Wisła nie wraca do Krakowa. Przed nią najdalszy ligowy wyjazd w sezonie

fot. Mateusz Kaleta/LoveKraków.pl

Niespełna trzy doby po pożegnaniu z europejskimi pucharami krakowian czeka bardzo ważny mecz w I lidze. Czas odrabiać straty do rywali, którzy będą się liczyć w walce o awans do ekstraklasy.

Eliminacje Ligi Europy, a następnie Ligi Konferencji były dla wiślaków jak jazda rollercoasterem. Były uniesienia, jak wymagane wygrane z Llapi Podujevo i mniej oczekiwane tryumfy ze Spartakiem Trnawa i Cercle Brugge. Nie zabrakło też bolesnych zderzeń ze ścianą: w rewanżu z Rapidem Wiedeń i pierwszym meczu z Cercle. W ośmiu meczach odnieśli cztery zwycięstwa, co jest naprawdę bardzo dobrym wynikiem. Startując jako drużyna z drugiego poziomu rozgrywkowego potrafili zdobyć 1 pkt dla Polski w klubowym rankingu UEFA. Gdyby wszyskie polskie zespoły tak punktowały, z naszym futbolem byłoby nieco lepiej.

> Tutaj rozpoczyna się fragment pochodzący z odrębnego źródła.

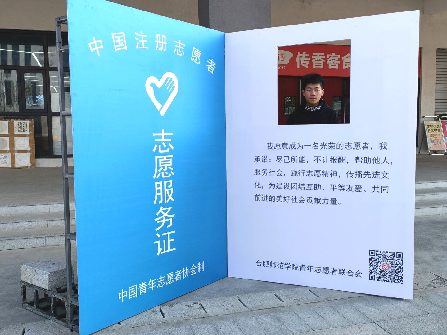 活动当天,青志联在滨湖校区开展志愿服务文化展活动,以展板海报形式展出各二级学院的品牌志愿活动,同时组织同学参加主题横幅签名、“志愿证上你和我”展板合影、“志愿服务我想说”志愿树留言祝福等一系列活动。志愿者们齐聚一堂,回忆参与志愿服务的经历,在便签上书写在志愿服务过程中实现人生价值的畅想和心得,表达对学院青年志愿服务事业发展的美好祝愿。

Pierwsze po ponad 12 lat występy na europejskiej scenie dostarczyły też sporo emocji. Pokazały, że piłka nadal jest mocno nieprzewidywalna i warto wierzyć do końca. Na drugi mecz ze Spartakiem klub sprzedał zadecydowanie najmniej biletów, a 15 sierpnia napisała się historia, którą kibice będą wspominać latami.

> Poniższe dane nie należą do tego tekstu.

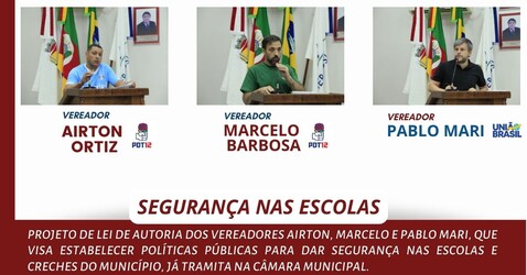 De autoria dos vereadores Airton Ortiz, Marcelo Barbosa (PDT) e Pablo Mari (União Brasil), PL nº 23/2023, tem por finalidade, proporcionar maior segurança aos alunos, professores e todas as pessoas que trabalham nas escolas, diminuindo assim, o índice de criminalidade no ambiente escolar.
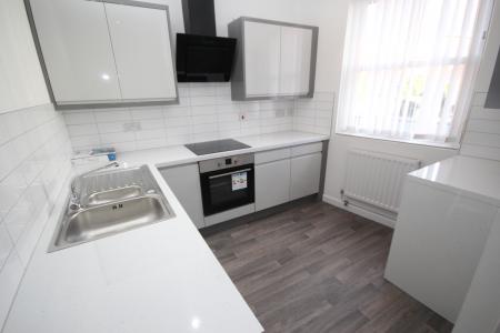 8’6” x 8’0 (2.60m x 2.44m) Equipped with a range of new units incorporating single drainer stainless steel sink unit inset into work surface with floor units and plumbing for washing machine under. Additional work surface with inset ceramic hob with oven below and contemporary extractor hood over. Additional floor units. Range of wall units. Radiator. UPVC double glazed sash style window overlooking front. Flooring.
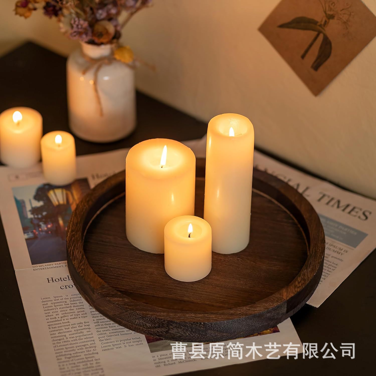 跨境实木蜡烛托盘装饰摆盘圆形复古烛台花瓶摆放托盘实木收纳盘

Wisła Kraków. Kazimierz Moskal pod wrażeniem postawy zespołu

– Muszę przyzanć, że targają mną różne uczucia, ale przede wszystkim chciałem podziękować zawodnikom za ten mecz, bo po pierwszym spotkaniu na pewno byliśmy w bardzo trudnej sytuacju i nikt tutaj nie liczył na cud – powiedział trener Kazimierz Moskal po tryumfie w Belgii 4:1 i odpadnięciu w IV rundzie eliminacji Ligi Konferencji.

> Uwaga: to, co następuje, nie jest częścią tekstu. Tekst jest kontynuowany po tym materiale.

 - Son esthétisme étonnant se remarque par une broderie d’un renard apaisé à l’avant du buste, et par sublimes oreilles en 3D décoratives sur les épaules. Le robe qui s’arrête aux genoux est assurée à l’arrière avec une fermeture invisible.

– Przyjechaliśmy z świadomością, że możemy wygrać, jeśli zagramy na swoim dobrym poziomie, unikniemy błędów, i myślę, że to się udało. Ten mecz z naszej strony był naprawdę dobry. Można żałować wielu rzeczy, ale nie chcę się tutaj rozwodzić nad tymi spotkaniami. Po prostu jestem pod wrażeniem tego, jak dzisiaj zagraliśmy i za to zespołowi dziękuję. Mam nadzieję, że ta przygoda w europejskich pucharach pozytywnie na niego wpływnie, a zebrane doświadczenie będzie procentowało w lidze – dodał Moskal i odważył się powiedzieć, że nie wiadomo, jakie ostatecznie byłyby losy tej rywalizacji, gdyby do przerwy jego piłkarze strzelili jedną bramkę więcej i jeszcze mocniej przyparli rywali do muru.

Czas odrabiać straty

Europejska przygoda, która była nagrodą za zdobycie w maju Pucharu Polski, przechodzi do historii. Biała Gwiazda ma do zrealizowanie ważne cele tu i teraz. Najbliższ w oddalonym o 760 kilometrów od Krakowa Kołobrzegu, gdzie po raz pierwszy w historii zagra z Kotwicą, beniaminkiem rozgrywek. Choć krakowianie mają do rozegrania trzy lub dwa mecze więcej od drużyn z czołówki, i tak muszą zacząć gonić rywali. W tabeli I ligi z 19 punktami w 7 meczach prowadzi niepokonany Bruk-Bet Termalica Nieciecza. Kolejne trzy zespoły (Stal Rzeszów, Górnik Łęczna i Wisła Płock) mają na koncie po 16, natomiast Górnik rozegrał jedno spotkanie mniej (przełożone z Wisłą). 

Wiślacy nie wracają z Belgii do Krakowa. Spędzili tam noc i dopiero w piątek zaplanowali lot do Poznania, a następnie przejazd na krótkie zgrupowanie w Opalenicy. Do Kołobrzegu wyjadą w sobotę. Początek rywalizacji w Kotwicą o godzinie 14:30.